**DATASET EXCERPT:**
• • • • •
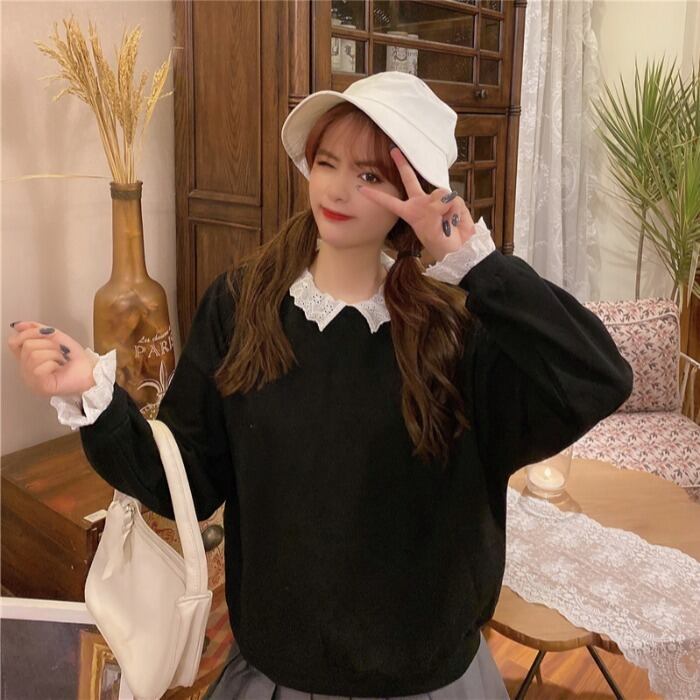 ✞ オータムレースラウンドネックセーター トップス ロング スウィート 秋物 ✞ゴスロリ SM ミリ 甘ロリ クラロリ 和ロリ エレガント 黒ロリ 姫ロリ 華ロリ BB-BB62239910790
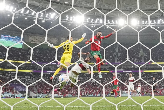 Youssef En-Nesyri (số 19) đánh đầu ghi bàn ở phút 42 trận tứ kết World Cup 2022 trên sân Al Thumama.
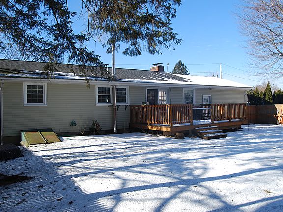 Great LOCATION for this LOVELY updated ranch style home. This home boasts newer siding and energy efficient windows (APO 2 yrs.) Spacious kitchen with dining area, pantry closet and FRENCH DOORS that open up to back deck. Private fenced yard perfect for relaxing or entertaining. EXPANSIVE living room features newer picture window that brings in the light of the day, a wood burning fireplace and hardwood flooring. 3 generous sized bedrooms with HARDWOOD flooring and plenty of cabinet space. The newer WOOD BURNING STOVE in basement will heat the entire home during the winter months. Basement could easily be finished for added living area. Located near Szot Park and Elms College. This home will not last. Call today for a showing.
• • • • •
**DESCRIPTION OF THE TASK:**
Set down every line above exactly, pictures excluded.

**FINISHED TASK:**
 ✞ オータムレースラウンドネックセーター トップス ロング スウィート 秋物 ✞ゴスロリ SM ミリ 甘ロリ クラロリ 和ロリ エレガント 黒ロリ 姫ロリ 華ロリ BB-BB62239910790
 Youssef En-Nesyri (số 19) đánh đầu ghi bàn ở phút 42 trận tứ kết World Cup 2022 trên sân Al Thumama.
 Great LOCATION for this LOVELY updated ranch style home. This home boasts newer siding and energy efficient windows (APO 2 yrs.) Spacious kitchen with dining area, pantry closet and FRENCH DOORS that open up to back deck. Private fenced yard perfect for relaxing or entertaining. EXPANSIVE living room features newer picture window that brings in the light of the day, a wood burning fireplace and hardwood flooring. 3 generous sized bedrooms with HARDWOOD flooring and plenty of cabinet space. The newer WOOD BURNING STOVE in basement will heat the entire home during the winter months. Basement could easily be finished for added living area. Located near Szot Park and Elms College. This home will not last. Call today for a showing.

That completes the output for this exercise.